Maybe renaissance, whether continental or borrowed, is way out of her loop - but why did Makgoba not hear her out on matters medical, related to the scourge of Aids, like the major flop that was Virodene?

Makgoba was not the only one to pay her scant regard. The head of the Aids directorate in Health Minister Manto Tshabalala-Msimang's office, Dr Nono Simelela, played such a cheap version of hide-and-seek with her that, reading about it, all you can do is weep - not for your narcissistic self but all the people infected and affected by HIV-Aids.

When I phoned Dr Simelela the following Tuesday, I was told that she was out. Her assistant suggested I call again on Friday morning at nine. On Friday morning, Dr Simelela was not in the office. I called several times the following week, but Dr Simelela was either out of town, in a meeting, or otherwise unavailable. After I returned to New York I sent an e-mail requesting an interview by phone. She never replied.

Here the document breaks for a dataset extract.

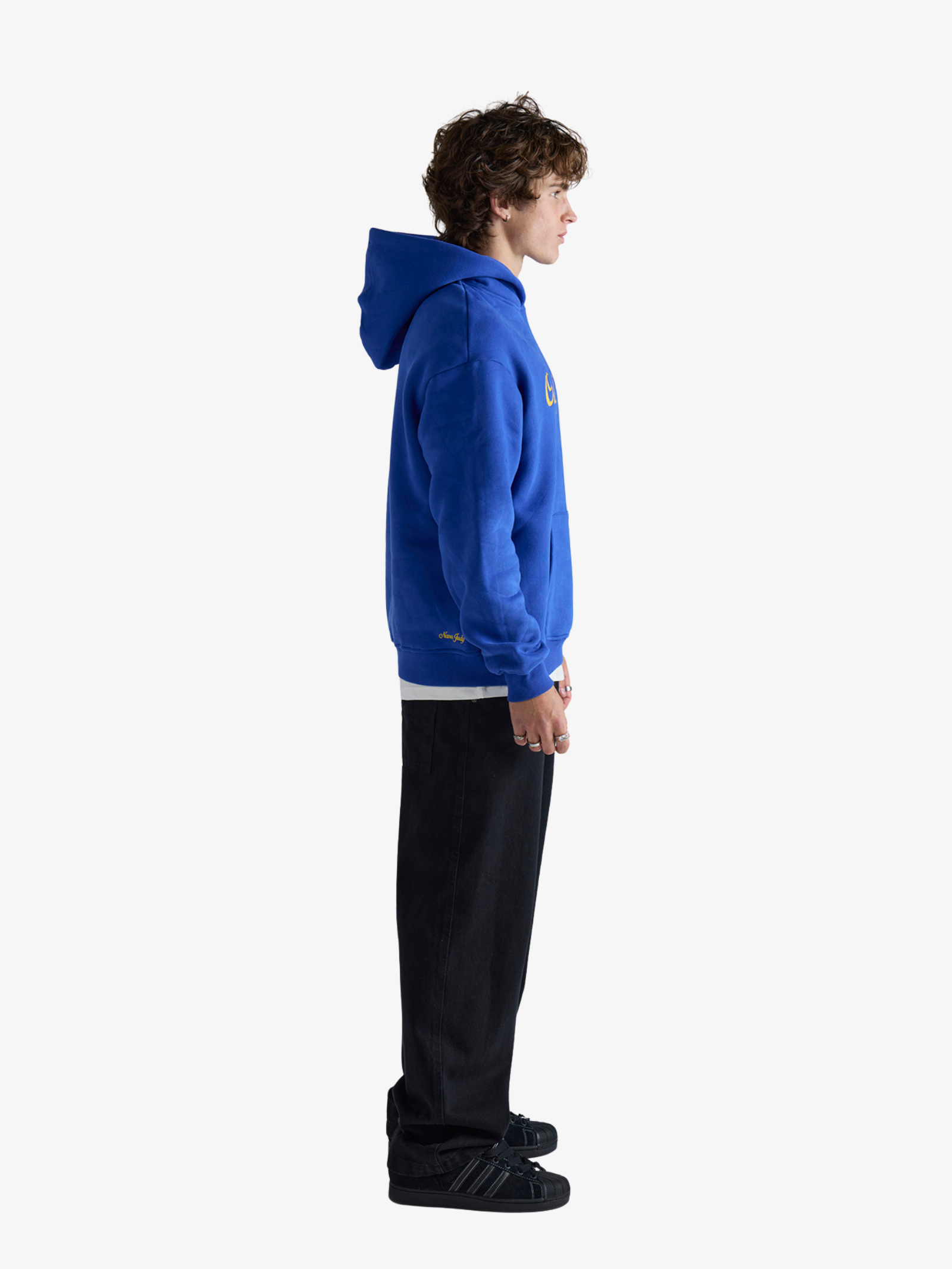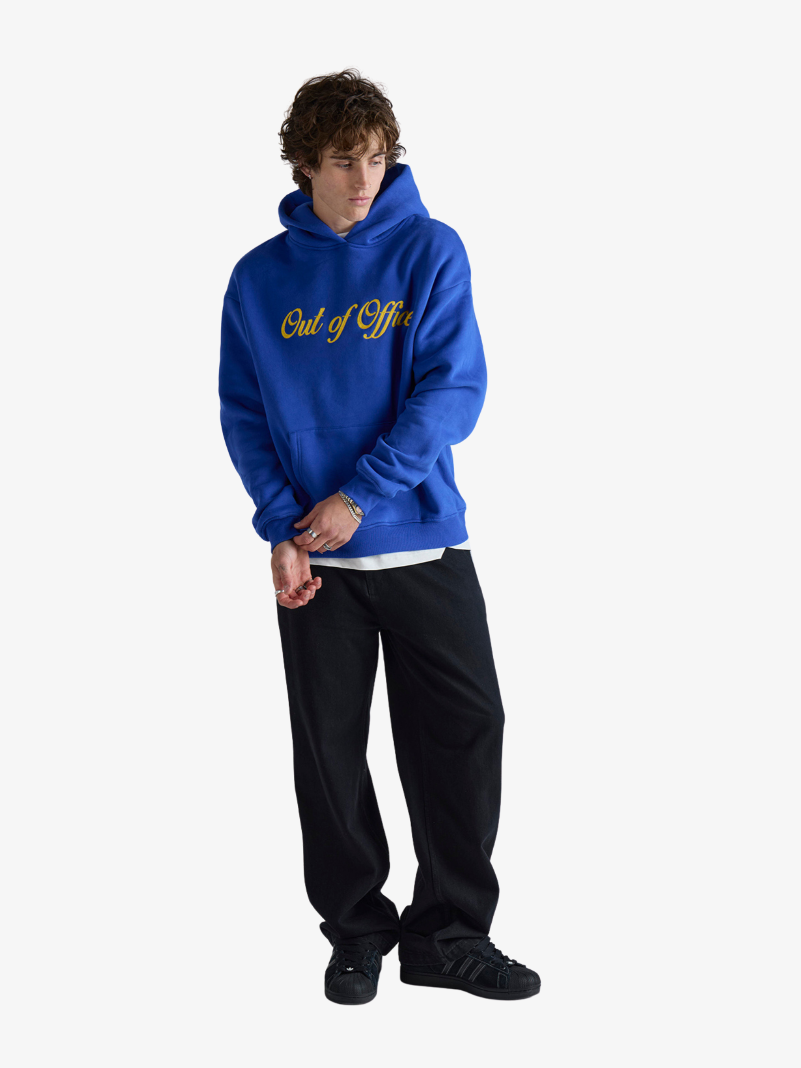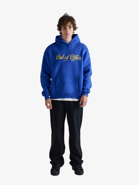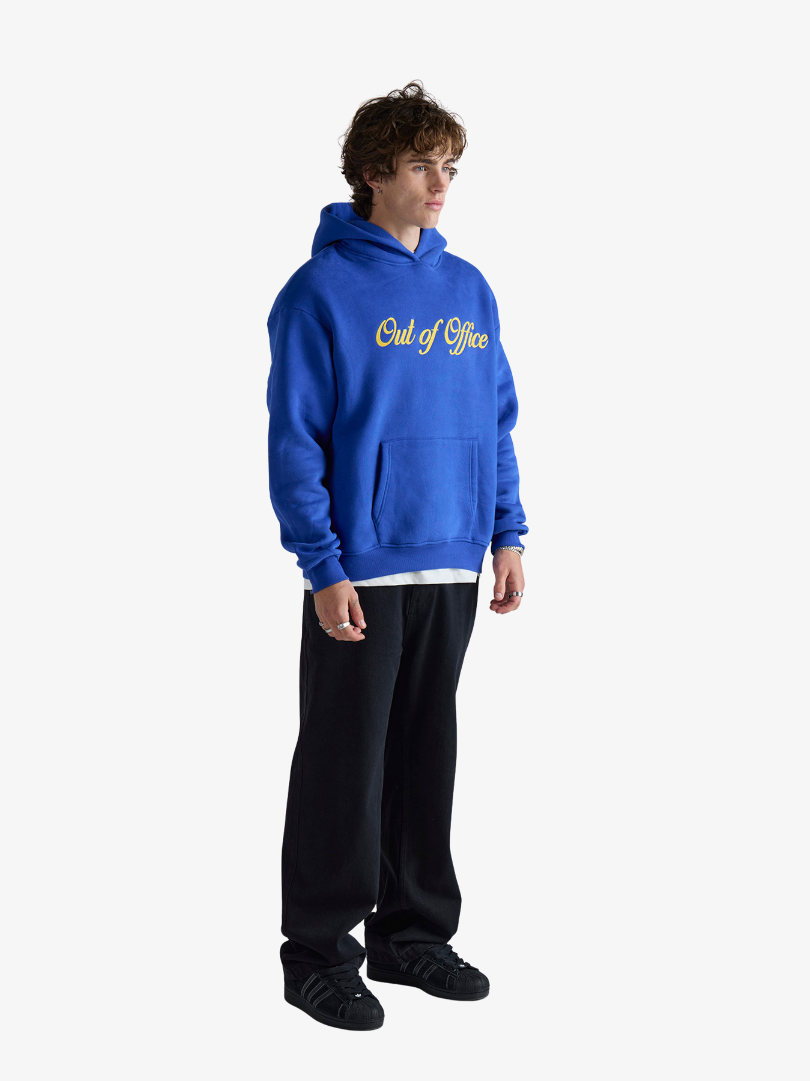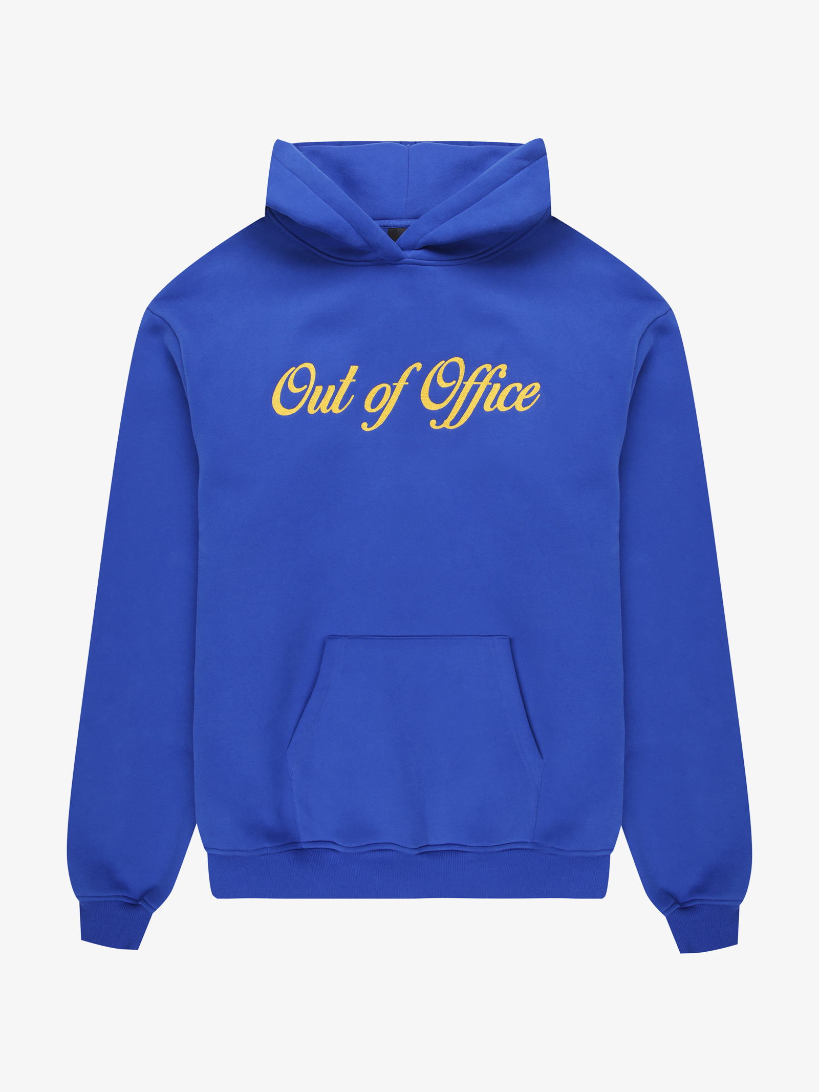 The Louis Hood in Cobalt by Nana Judy is crafted with premium heavy weight 380GSM brushed fleece and features a traditional front pouch pocket, seamless hood design and contrast yellow chain stitch “Out Of Office” expression to the front chest.

What was it Simelela did not want to hear?

Epstein writes about the long-term concurrent relationships, the sexual lifestyle in the townships of South Africa, where a married man keeps one or more sexual concubines on the side. These are not one-night stands but people he sees or sleeps with all the time when he's not at home. She writes about anything and everything that has ever affected risky sexual behaviour and Aids; from virgin testing, dry sex, sex with minors, genital herpes, Gugu Dlamini, Kalafong Hospital ... the list is endless.

She's spoken to everyone who matters and quoted or perused every medical journal on the matter. Though she's been everywhere on the continent, she writes so knowingly about Uganda, her darling African country, that she deserves the highest honour Yoweri Museveni can conjure up for non-nationals.

If only our own leaders had made time for her.